Le deuxième axe de mes recherches est celui auquel j’ai consacré ma thèse de doctorat, dont une version remaniée des trois premières parties a paru sous le titre Histoire du Parnasse aux Éditions Fayard en 2005. L’année suivante, j’ai publié dans la collection Mémoire de la critique des Presses de l’Université Paris-Sorbonne un volume intitulé Le Parnasse, dans lequel j’ai proposé un panorama de la critique sur le mouvement parnassien à travers quarante-trois textes datant de 1866 à 1925, dont la plupart n’avaient jamais été réédités. J’ai également écrit onze articles sur l’esthétique du Parnasse, ses rapports de filiation et d’opposition avec le romantisme, ses thèmes de prédilection et son influence sur les poètes de la seconde moitié du XIXe siècle.

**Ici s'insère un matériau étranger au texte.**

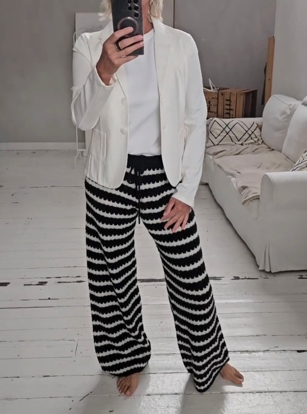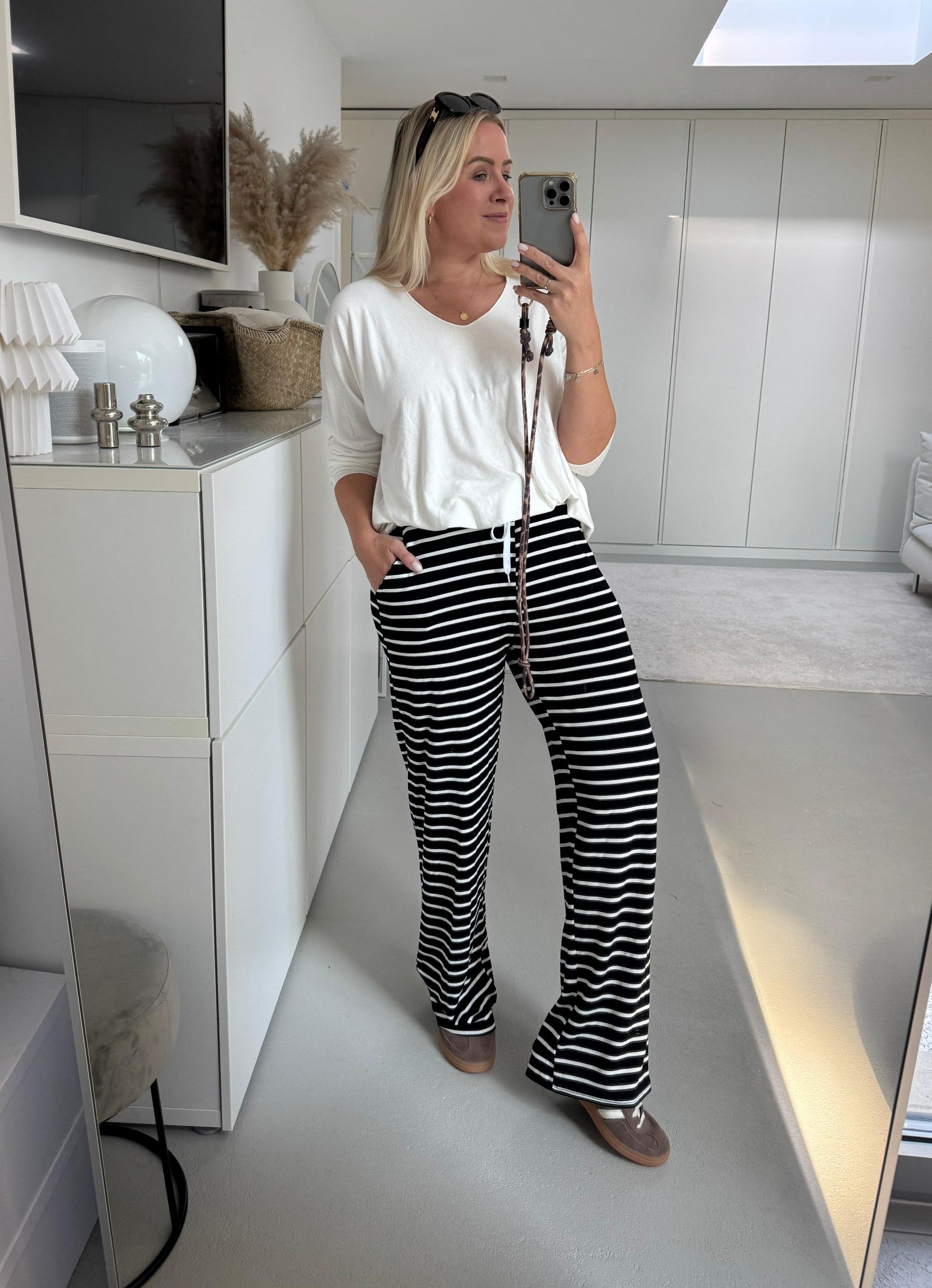 Lässige Streifenhose schwarz-weiß

Mon troisième domaine de recherche m’a conduit à consacrer des articles aux principaux membres de l’école parnassienne, notamment Leconte de Lisle, François Coppée, Sully Prudhomme et Catulle Mendès, ainsi qu’à des figures moins connues du mouvement, telles que Frédéric Plessis. En 2003, j’ai rassemblé pour la première fois les Chroniques artistiques, dramatiques et littéraires de François Coppée dans un volume des Presses de l’Université Paris-Sorbonne, afin de montrer que ce poète a été également un critique judicieux et perspicace. En juin 2012, j’ai organisé à l’Université de Brest un colloque sur Frédéric Plessis, dont les actes ont paru aux Presses universitaires de Rennes en 2014 sous le titre Frédéric Plessis poète et romancier : cet ouvrage, qui comporte onze études et qui s’appuie sur la correspondance inédite de l’écrivain conservée à la bibliothèque municipale de Brest, fait découvrir un ami intime d’Anatole France et de Maurice Barrès, qui fut à la fois un poète parnassien et un romancier réaliste, un latiniste émérite et un intellectuel engagé, un humaniste parisien et un propagateur du renouveau celtique.

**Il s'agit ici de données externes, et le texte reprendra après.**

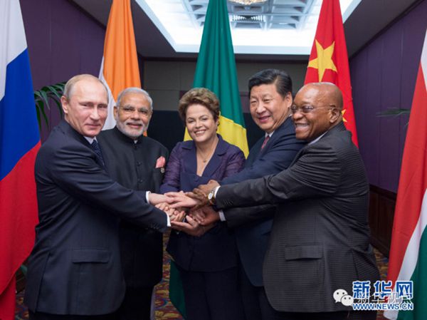 ????——金磚國家領(lǐng)導(dǎo)人非正式會晤一致同意要加強(qiáng)全方位合作,落實(shí)好巴西福塔萊薩會晤成果,加快推進(jìn)金磚國家開發(fā)銀行和應(yīng)急儲備安排有關(guān)建設(shè)進(jìn)程,密切溝通和協(xié)調(diào),維護(hù)共同利益。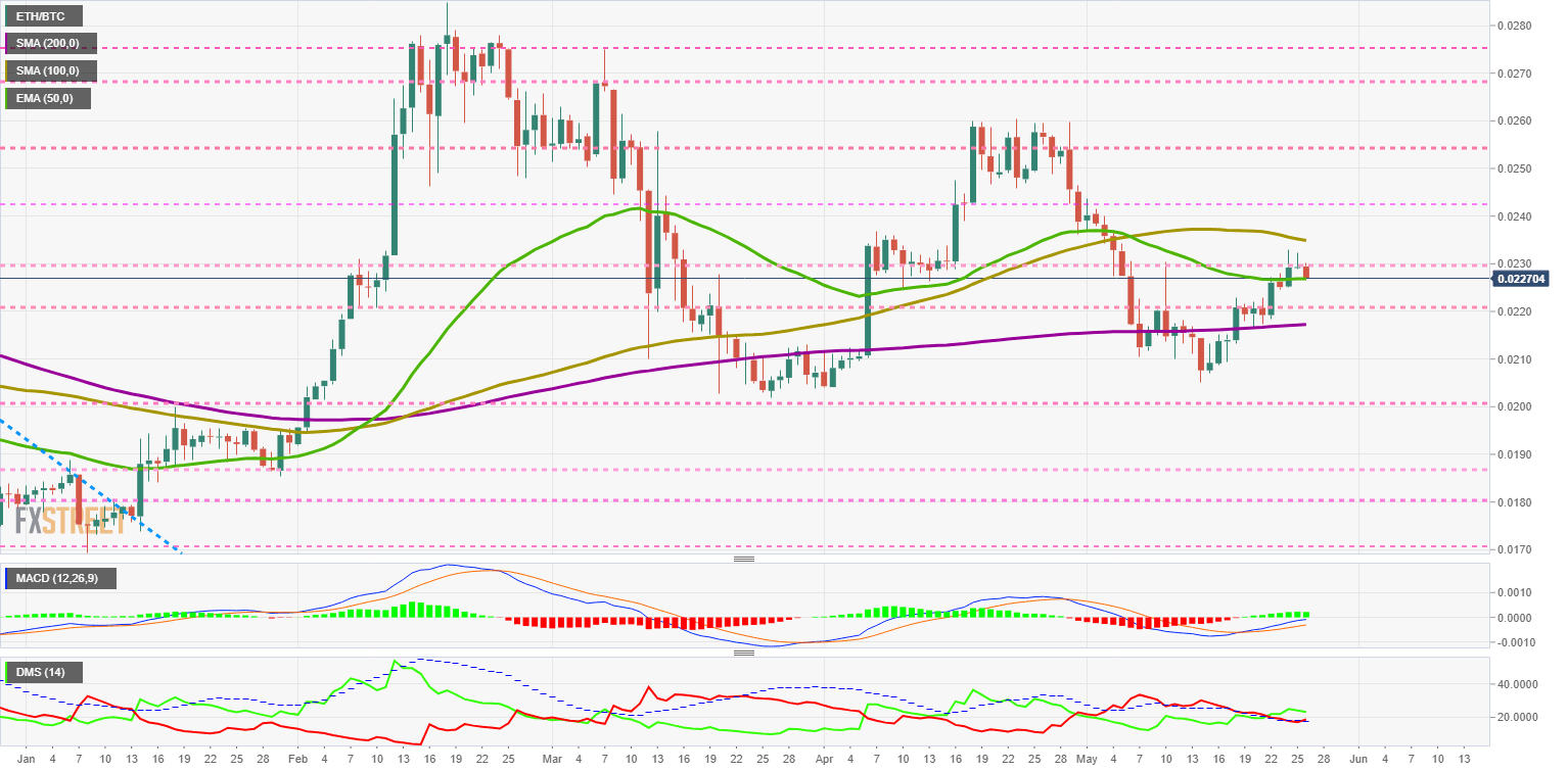 The DMI on the daily chart shows the bulls controlling the ETH/BTC pair, although the bears do see an opportunity in the current situation and move upwards above the ADX line.

J’ai étudié également l’influence des poètes du Parnasse sur Rimbaud, qui les a d’abord imités avant de les parodier. En 2013, lors d’un colloque organisé par Olivier Bivort à Venise, j’ai examiné la position de Rimbaud à l’égard de la poétique parnassienne, qui lui a servi tout à la fois de modèle et d’antimodèle. L’année suivante, j’ai précisé ses liens avec la plupart des Parnassiens dans une série d’articles du Dictionnaire Rimbaud, dirigé par Jean-Baptiste Baronian dans la collection Bouquins et publié aux Éditions Robert Laffont.

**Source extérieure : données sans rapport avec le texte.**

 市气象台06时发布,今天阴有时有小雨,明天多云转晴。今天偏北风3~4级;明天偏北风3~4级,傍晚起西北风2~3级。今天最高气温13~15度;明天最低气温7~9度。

Outre ces trois axes de recherche, j’ai écrit plusieurs articles sur Baudelaire, m’intéressant notamment à ses rapports avec le décadentisme lors d’un colloque à la Sorbonne en 2014. À l’occasion du centenaire de l’écrivain brestois Louis Hémon (1880-1913), j’ai publié trois lettres inédites de lui ; j’ai rappelé son rôle de précurseur de la littérature sportive dans une conférence à la bibliothèque de Brest et dans un article des Cahiers de l’Iroise ; et j’ai participé au colloque sur Hémon organisé par l’Université du Québec à Montréal, en essayant de montrer comment les idées de Darwin avaient orienté sa pensée politique et sociale.